Duh. You seem to think that's a triumphant point, Luke, somehow justifying the megalith state of today. Friedman's point was that the purpose of government is to protect the liberty of the individual.

Not an original idea with MF--

"We hold these truths to be self-evident, that all men are created equal, that they are endowed by their Creator with certain unalienable Rights, that among these are Life, Liberty and the pursuit of Happiness.--That to secure these rights, Governments are instituted among Men, deriving their just powers from the consent of the governed, --That whenever any Form of Government becomes destructive of these ends, it is the Right of the People to alter or to abolish it"

jungatheart said...

chickelit said...
deborah suggested:

Wouldn't that be a holier-than-thou derivative of Coketown's avi? :)
----

Rev is above such considerations.

bagoh20 said...

"Are all infinities equal?"

I think another question this asks is, is the universe infinitely divisible as well as infinitely expandable?

I assume this has been addressed in length by someone, but I don't know the theory.

chickelit said...

Rev is above such considerations.

I expected at least a chuckle. Sigh. Try harder next time.

chickelit said...

Oh, I see that coketown disrobed, or dehooded.

whatevs.

bagoh20 said...

"...what can we do to achieve a capitalism that is productive yet hindered from causing or allowing harm to the many for the benefit of the few?"

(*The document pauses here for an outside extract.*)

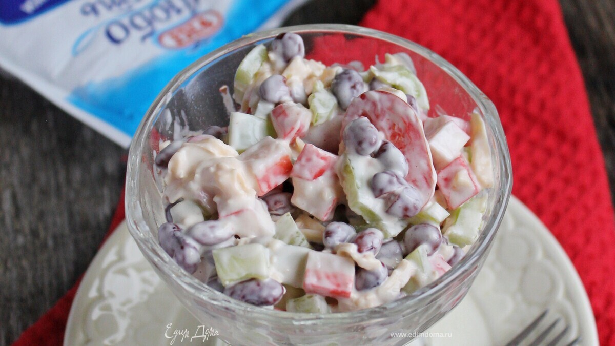 Салат с крабовыми палочками и фасолью

Stop making it so hard for the many to participate. When it takes two months of bureaucratic silliness, if you really work at it, to legally open a lemonade stand, then imagine how hard it is to start and maintain a business that hires people, grows and actually creates things. It is primarily government that makes "fat cat" capitalists fat. Government protects them from the competition of the many, and thus concentrates the wealth by creating a high barrier to entry into their game where they would be forced to compete and have to drop a little weight. Every law that government passes to restrict free enterprise ends up only restricting to the already powerful and away from the many.

The blueprint I would suggest to improve capitalism has been around for a while: The U.S. Constitution in it's original intent without trying to change it to fix every little inequality of life. We all not all going to live rich and die old. Get over it.

jungatheart said...

chickelit said...
Oh, I see that coketown disrobed, or dehooded.
----

Yeah, what was up with that, anyway? Coketown...?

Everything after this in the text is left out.